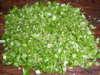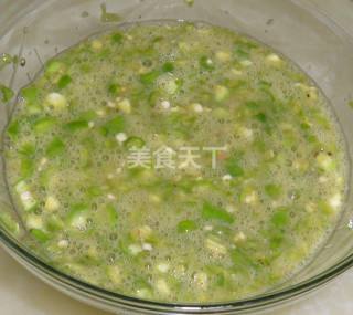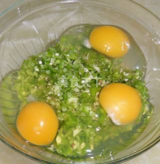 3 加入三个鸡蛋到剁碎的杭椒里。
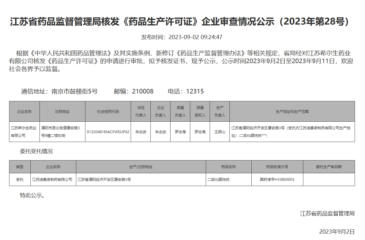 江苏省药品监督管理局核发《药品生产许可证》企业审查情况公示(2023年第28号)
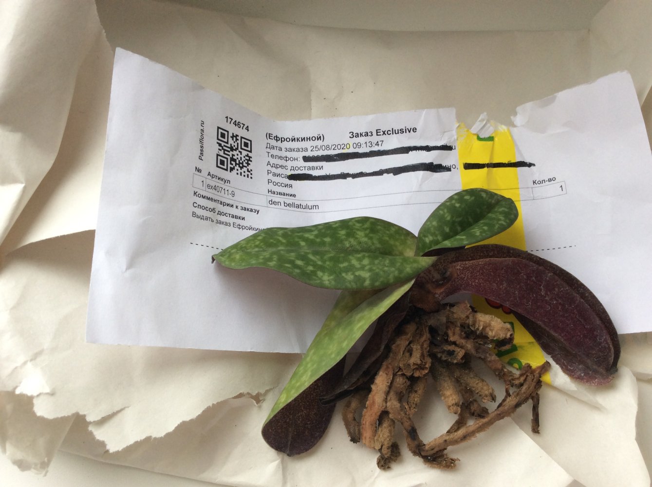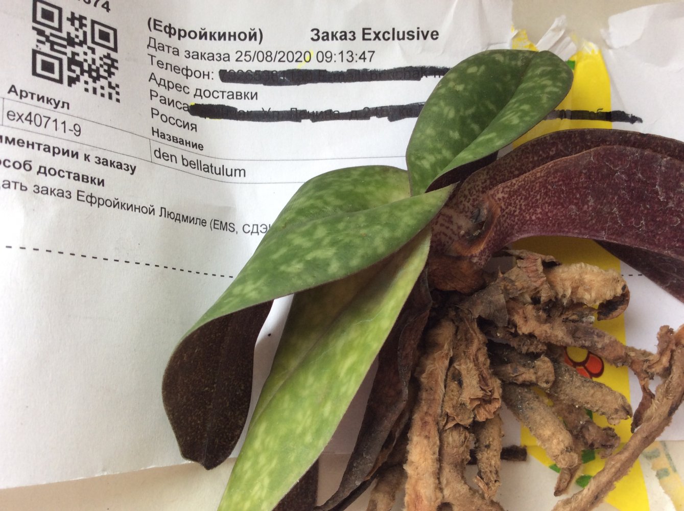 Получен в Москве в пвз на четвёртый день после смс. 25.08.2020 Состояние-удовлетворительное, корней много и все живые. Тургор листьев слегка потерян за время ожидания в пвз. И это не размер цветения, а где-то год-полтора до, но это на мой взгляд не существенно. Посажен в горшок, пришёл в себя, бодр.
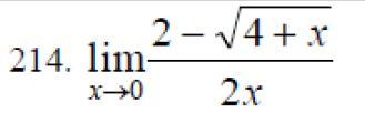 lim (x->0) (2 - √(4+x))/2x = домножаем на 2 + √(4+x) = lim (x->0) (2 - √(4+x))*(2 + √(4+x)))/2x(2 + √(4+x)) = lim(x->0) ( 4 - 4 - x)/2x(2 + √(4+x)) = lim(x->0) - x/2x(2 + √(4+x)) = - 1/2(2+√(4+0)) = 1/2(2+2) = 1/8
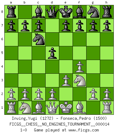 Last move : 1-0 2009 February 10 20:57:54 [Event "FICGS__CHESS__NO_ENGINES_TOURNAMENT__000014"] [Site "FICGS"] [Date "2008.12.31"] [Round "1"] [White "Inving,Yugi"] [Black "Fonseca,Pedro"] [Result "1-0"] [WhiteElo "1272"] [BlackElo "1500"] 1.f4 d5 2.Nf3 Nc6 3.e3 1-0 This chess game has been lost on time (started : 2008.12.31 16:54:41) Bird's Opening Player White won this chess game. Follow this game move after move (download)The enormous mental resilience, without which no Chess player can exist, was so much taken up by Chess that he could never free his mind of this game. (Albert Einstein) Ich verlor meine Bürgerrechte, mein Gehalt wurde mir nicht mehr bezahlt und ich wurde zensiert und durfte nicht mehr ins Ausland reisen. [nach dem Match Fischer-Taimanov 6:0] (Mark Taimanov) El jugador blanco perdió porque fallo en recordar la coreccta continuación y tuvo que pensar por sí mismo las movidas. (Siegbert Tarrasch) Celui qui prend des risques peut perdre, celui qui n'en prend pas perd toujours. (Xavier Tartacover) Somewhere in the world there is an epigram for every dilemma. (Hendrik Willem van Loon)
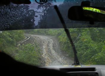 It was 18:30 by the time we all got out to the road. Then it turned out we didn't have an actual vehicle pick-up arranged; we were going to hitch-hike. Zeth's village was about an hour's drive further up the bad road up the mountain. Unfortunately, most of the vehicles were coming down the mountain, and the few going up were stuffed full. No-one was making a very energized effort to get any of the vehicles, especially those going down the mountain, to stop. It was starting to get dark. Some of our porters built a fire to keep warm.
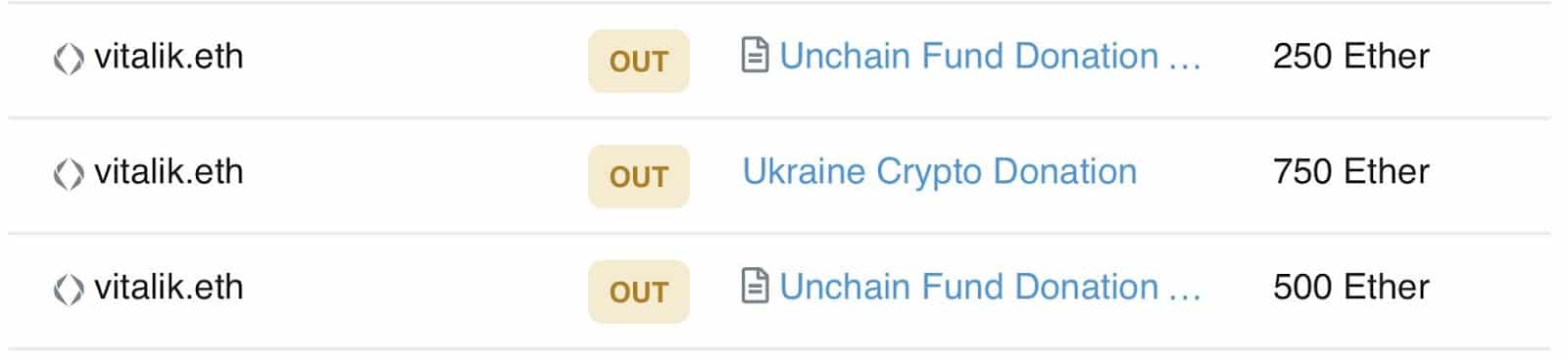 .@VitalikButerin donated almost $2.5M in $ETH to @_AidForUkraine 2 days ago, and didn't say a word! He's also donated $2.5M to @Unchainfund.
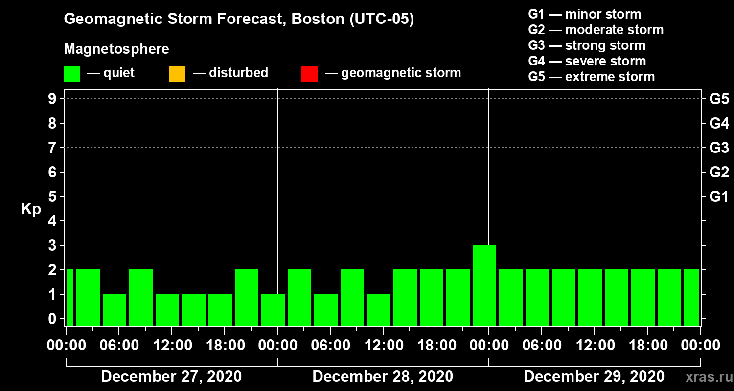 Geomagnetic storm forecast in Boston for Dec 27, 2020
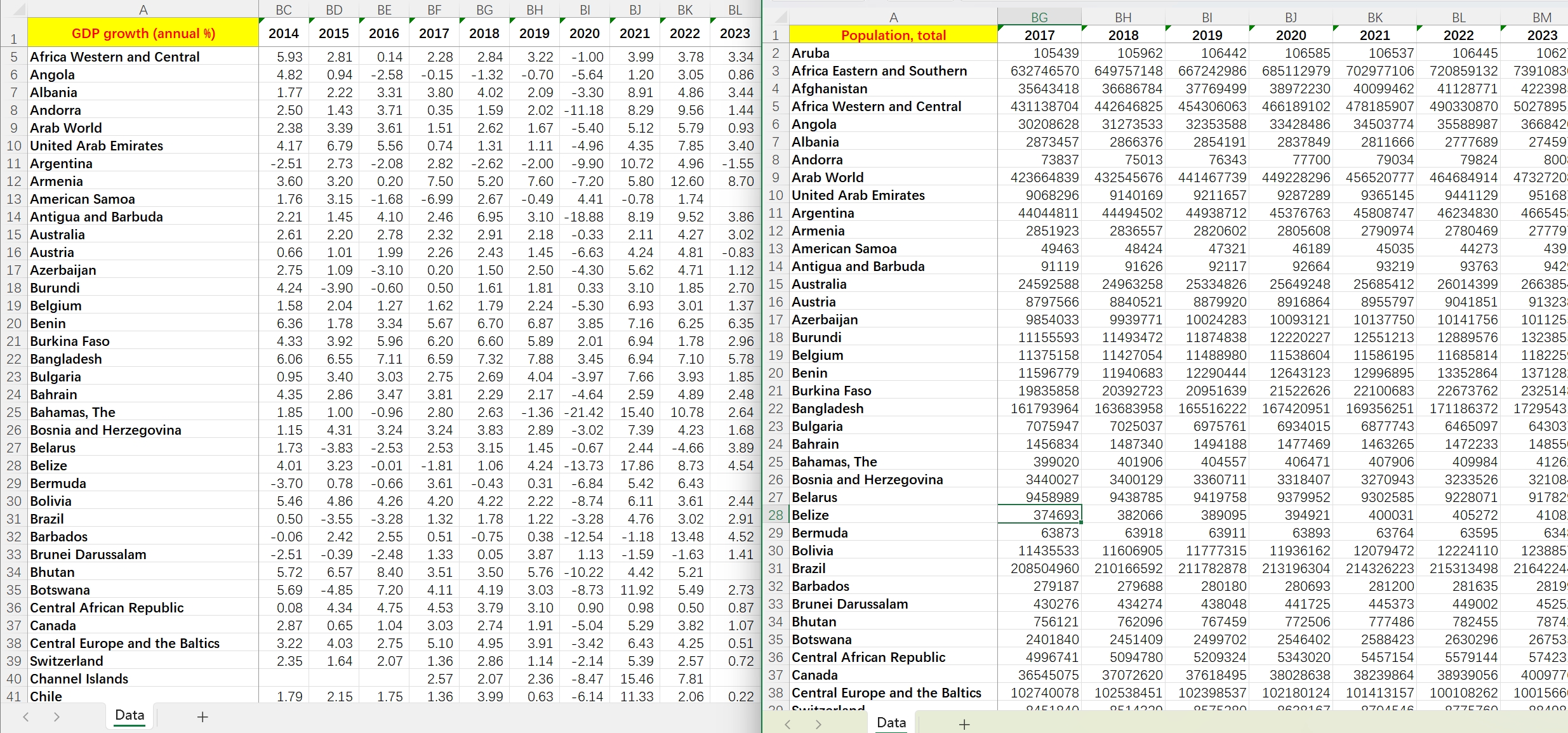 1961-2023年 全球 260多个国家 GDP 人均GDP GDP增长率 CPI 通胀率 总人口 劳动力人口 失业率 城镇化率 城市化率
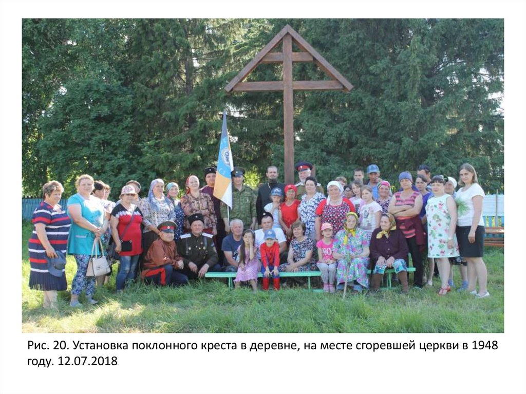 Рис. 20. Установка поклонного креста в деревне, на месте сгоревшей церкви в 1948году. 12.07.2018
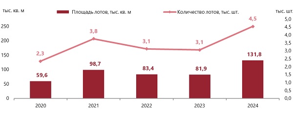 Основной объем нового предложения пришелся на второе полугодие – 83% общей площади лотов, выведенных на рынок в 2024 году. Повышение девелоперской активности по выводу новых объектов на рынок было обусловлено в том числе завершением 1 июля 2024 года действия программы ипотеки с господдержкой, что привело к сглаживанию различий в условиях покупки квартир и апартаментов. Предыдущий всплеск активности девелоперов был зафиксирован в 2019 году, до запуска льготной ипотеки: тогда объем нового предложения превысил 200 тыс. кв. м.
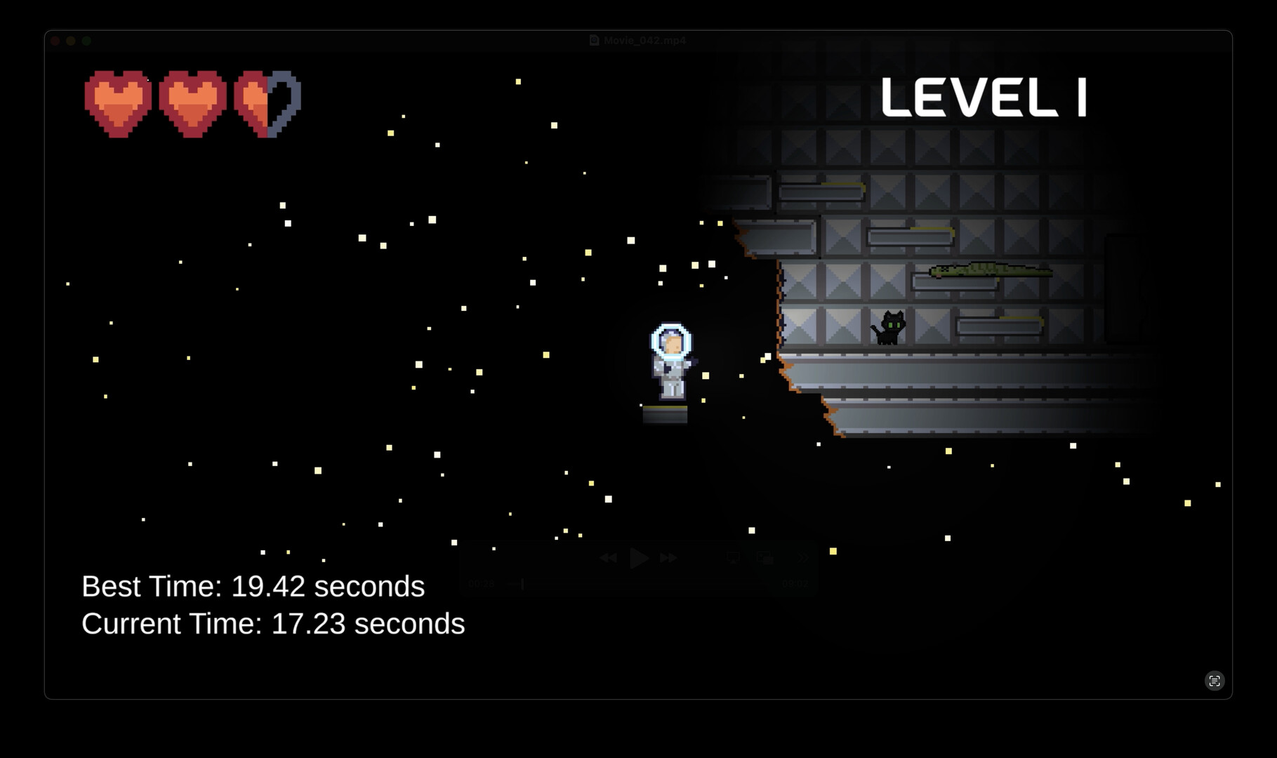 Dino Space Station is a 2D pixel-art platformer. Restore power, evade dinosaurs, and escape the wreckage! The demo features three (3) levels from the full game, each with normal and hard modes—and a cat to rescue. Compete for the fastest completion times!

—————

▶ _WORK REQUEST_
Copy each line of the records precisely and drop any images they hold.

▶ _ANSWER TO THIS TASK_
 3 加入三个鸡蛋到剁碎的杭椒里。
 江苏省药品监督管理局核发《药品生产许可证》企业审查情况公示(2023年第28号)
 Получен в Москве в пвз на четвёртый день после смс. 25.08.2020 Состояние-удовлетворительное, корней много и все живые. Тургор листьев слегка потерян за время ожидания в пвз. И это не размер цветения, а где-то год-полтора до, но это на мой взгляд не существенно. Посажен в горшок, пришёл в себя, бодр.
 lim (x->0) (2 - √(4+x))/2x = домножаем на 2 + √(4+x) = lim (x->0) (2 - √(4+x))*(2 + √(4+x)))/2x(2 + √(4+x)) = lim(x->0) ( 4 - 4 - x)/2x(2 + √(4+x)) = lim(x->0) - x/2x(2 + √(4+x)) = - 1/2(2+√(4+0)) = 1/2(2+2) = 1/8
 Last move : 1-0 2009 February 10 20:57:54 [Event "FICGS__CHESS__NO_ENGINES_TOURNAMENT__000014"] [Site "FICGS"] [Date "2008.12.31"] [Round "1"] [White "Inving,Yugi"] [Black "Fonseca,Pedro"] [Result "1-0"] [WhiteElo "1272"] [BlackElo "1500"] 1.f4 d5 2.Nf3 Nc6 3.e3 1-0 This chess game has been lost on time (started : 2008.12.31 16:54:41) Bird's Opening Player White won this chess game. Follow this game move after move (download)The enormous mental resilience, without which no Chess player can exist, was so much taken up by Chess that he could never free his mind of this game. (Albert Einstein) Ich verlor meine Bürgerrechte, mein Gehalt wurde mir nicht mehr bezahlt und ich wurde zensiert und durfte nicht mehr ins Ausland reisen. [nach dem Match Fischer-Taimanov 6:0] (Mark Taimanov) El jugador blanco perdió porque fallo en recordar la coreccta continuación y tuvo que pensar por sí mismo las movidas. (Siegbert Tarrasch) Celui qui prend des risques peut perdre, celui qui n'en prend pas perd toujours. (Xavier Tartacover) Somewhere in the world there is an epigram for every dilemma. (Hendrik Willem van Loon)
 It was 18:30 by the time we all got out to the road. Then it turned out we didn't have an actual vehicle pick-up arranged; we were going to hitch-hike. Zeth's village was about an hour's drive further up the bad road up the mountain. Unfortunately, most of the vehicles were coming down the mountain, and the few going up were stuffed full. No-one was making a very energized effort to get any of the vehicles, especially those going down the mountain, to stop. It was starting to get dark. Some of our porters built a fire to keep warm.
 .@VitalikButerin donated almost $2.5M in $ETH to @_AidForUkraine 2 days ago, and didn't say a word! He's also donated $2.5M to @Unchainfund.
 Geomagnetic storm forecast in Boston for Dec 27, 2020
 1961-2023年 全球 260多个国家 GDP 人均GDP GDP增长率 CPI 通胀率 总人口 劳动力人口 失业率 城镇化率 城市化率
 Рис. 20. Установка поклонного креста в деревне, на месте сгоревшей церкви в 1948году. 12.07.2018
 Основной объем нового предложения пришелся на второе полугодие – 83% общей площади лотов, выведенных на рынок в 2024 году. Повышение девелоперской активности по выводу новых объектов на рынок было обусловлено в том числе завершением 1 июля 2024 года действия программы ипотеки с господдержкой, что привело к сглаживанию различий в условиях покупки квартир и апартаментов. Предыдущий всплеск активности девелоперов был зафиксирован в 2019 году, до запуска льготной ипотеки: тогда объем нового предложения превысил 200 тыс. кв. м.
 Dino Space Station is a 2D pixel-art platformer. Restore power, evade dinosaurs, and escape the wreckage! The demo features three (3) levels from the full game, each with normal and hard modes—and a cat to rescue. Compete for the fastest completion times!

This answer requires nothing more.